Supplied records

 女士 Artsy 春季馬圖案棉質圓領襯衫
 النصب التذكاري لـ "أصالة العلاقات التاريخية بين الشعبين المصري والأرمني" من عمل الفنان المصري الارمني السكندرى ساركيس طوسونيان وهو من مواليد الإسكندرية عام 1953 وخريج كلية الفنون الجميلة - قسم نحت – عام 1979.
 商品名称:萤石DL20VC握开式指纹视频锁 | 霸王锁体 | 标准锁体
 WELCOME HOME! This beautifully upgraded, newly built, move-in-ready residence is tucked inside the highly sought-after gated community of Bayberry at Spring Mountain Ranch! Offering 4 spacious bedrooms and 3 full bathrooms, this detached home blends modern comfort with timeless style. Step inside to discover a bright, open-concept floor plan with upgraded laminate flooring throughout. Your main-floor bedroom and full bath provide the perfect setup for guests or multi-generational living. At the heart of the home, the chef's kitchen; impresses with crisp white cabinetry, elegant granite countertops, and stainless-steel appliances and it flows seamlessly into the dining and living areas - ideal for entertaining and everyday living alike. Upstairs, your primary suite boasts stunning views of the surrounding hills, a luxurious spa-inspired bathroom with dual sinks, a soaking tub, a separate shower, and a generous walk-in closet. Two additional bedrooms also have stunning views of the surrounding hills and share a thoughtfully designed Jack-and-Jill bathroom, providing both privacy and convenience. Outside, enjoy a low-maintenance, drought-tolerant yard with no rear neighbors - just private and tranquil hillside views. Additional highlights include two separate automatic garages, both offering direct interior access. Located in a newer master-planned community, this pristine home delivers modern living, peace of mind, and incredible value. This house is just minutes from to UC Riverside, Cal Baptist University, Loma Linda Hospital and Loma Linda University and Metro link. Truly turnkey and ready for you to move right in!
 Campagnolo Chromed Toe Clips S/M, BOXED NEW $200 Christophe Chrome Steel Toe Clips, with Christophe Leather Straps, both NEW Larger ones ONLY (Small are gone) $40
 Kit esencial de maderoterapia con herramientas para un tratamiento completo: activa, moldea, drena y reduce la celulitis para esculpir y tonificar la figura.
--
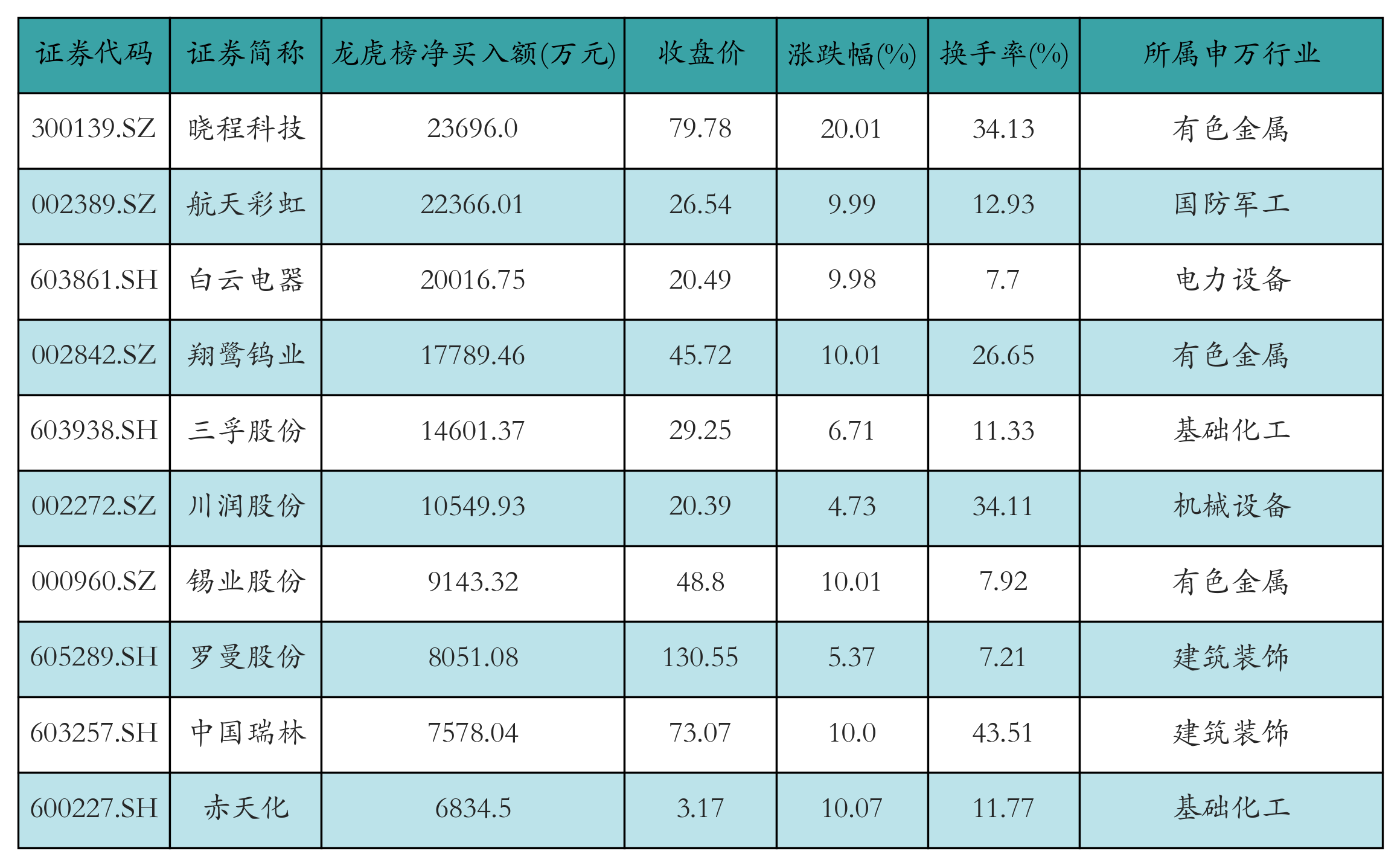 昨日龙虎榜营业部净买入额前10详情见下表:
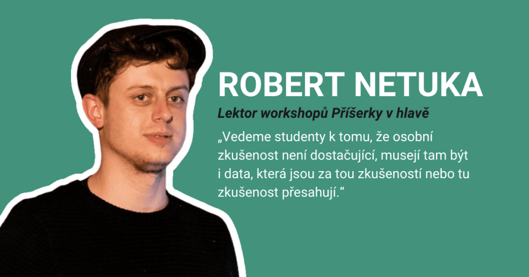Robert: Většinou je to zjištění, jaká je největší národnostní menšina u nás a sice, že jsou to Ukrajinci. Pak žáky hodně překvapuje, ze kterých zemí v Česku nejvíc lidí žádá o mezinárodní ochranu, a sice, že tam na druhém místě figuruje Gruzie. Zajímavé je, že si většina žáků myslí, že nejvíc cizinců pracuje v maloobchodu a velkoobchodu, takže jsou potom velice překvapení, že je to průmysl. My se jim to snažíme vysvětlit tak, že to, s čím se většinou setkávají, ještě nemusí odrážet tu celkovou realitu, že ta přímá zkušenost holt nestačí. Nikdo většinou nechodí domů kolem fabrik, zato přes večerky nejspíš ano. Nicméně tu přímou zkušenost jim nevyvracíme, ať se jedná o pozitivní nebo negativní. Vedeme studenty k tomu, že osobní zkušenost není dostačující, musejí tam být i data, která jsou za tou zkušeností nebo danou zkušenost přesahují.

Task requirements
Looking at the entries above, copy out every line in which "with" occurs.

Your response
 WELCOME HOME! This beautifully upgraded, newly built, move-in-ready residence is tucked inside the highly sought-after gated community of Bayberry at Spring Mountain Ranch! Offering 4 spacious bedrooms and 3 full bathrooms, this detached home blends modern comfort with timeless style. Step inside to discover a bright, open-concept floor plan with upgraded laminate flooring throughout. Your main-floor bedroom and full bath provide the perfect setup for guests or multi-generational living. At the heart of the home, the chef's kitchen; impresses with crisp white cabinetry, elegant granite countertops, and stainless-steel appliances and it flows seamlessly into the dining and living areas - ideal for entertaining and everyday living alike. Upstairs, your primary suite boasts stunning views of the surrounding hills, a luxurious spa-inspired bathroom with dual sinks, a soaking tub, a separate shower, and a generous walk-in closet. Two additional bedrooms also have stunning views of the surrounding hills and share a thoughtfully designed Jack-and-Jill bathroom, providing both privacy and convenience. Outside, enjoy a low-maintenance, drought-tolerant yard with no rear neighbors - just private and tranquil hillside views. Additional highlights include two separate automatic garages, both offering direct interior access. Located in a newer master-planned community, this pristine home delivers modern living, peace of mind, and incredible value. This house is just minutes from to UC Riverside, Cal Baptist University, Loma Linda Hospital and Loma Linda University and Metro link. Truly turnkey and ready for you to move right in!
 Campagnolo Chromed Toe Clips S/M, BOXED NEW $200 Christophe Chrome Steel Toe Clips, with Christophe Leather Straps, both NEW Larger ones ONLY (Small are gone) $40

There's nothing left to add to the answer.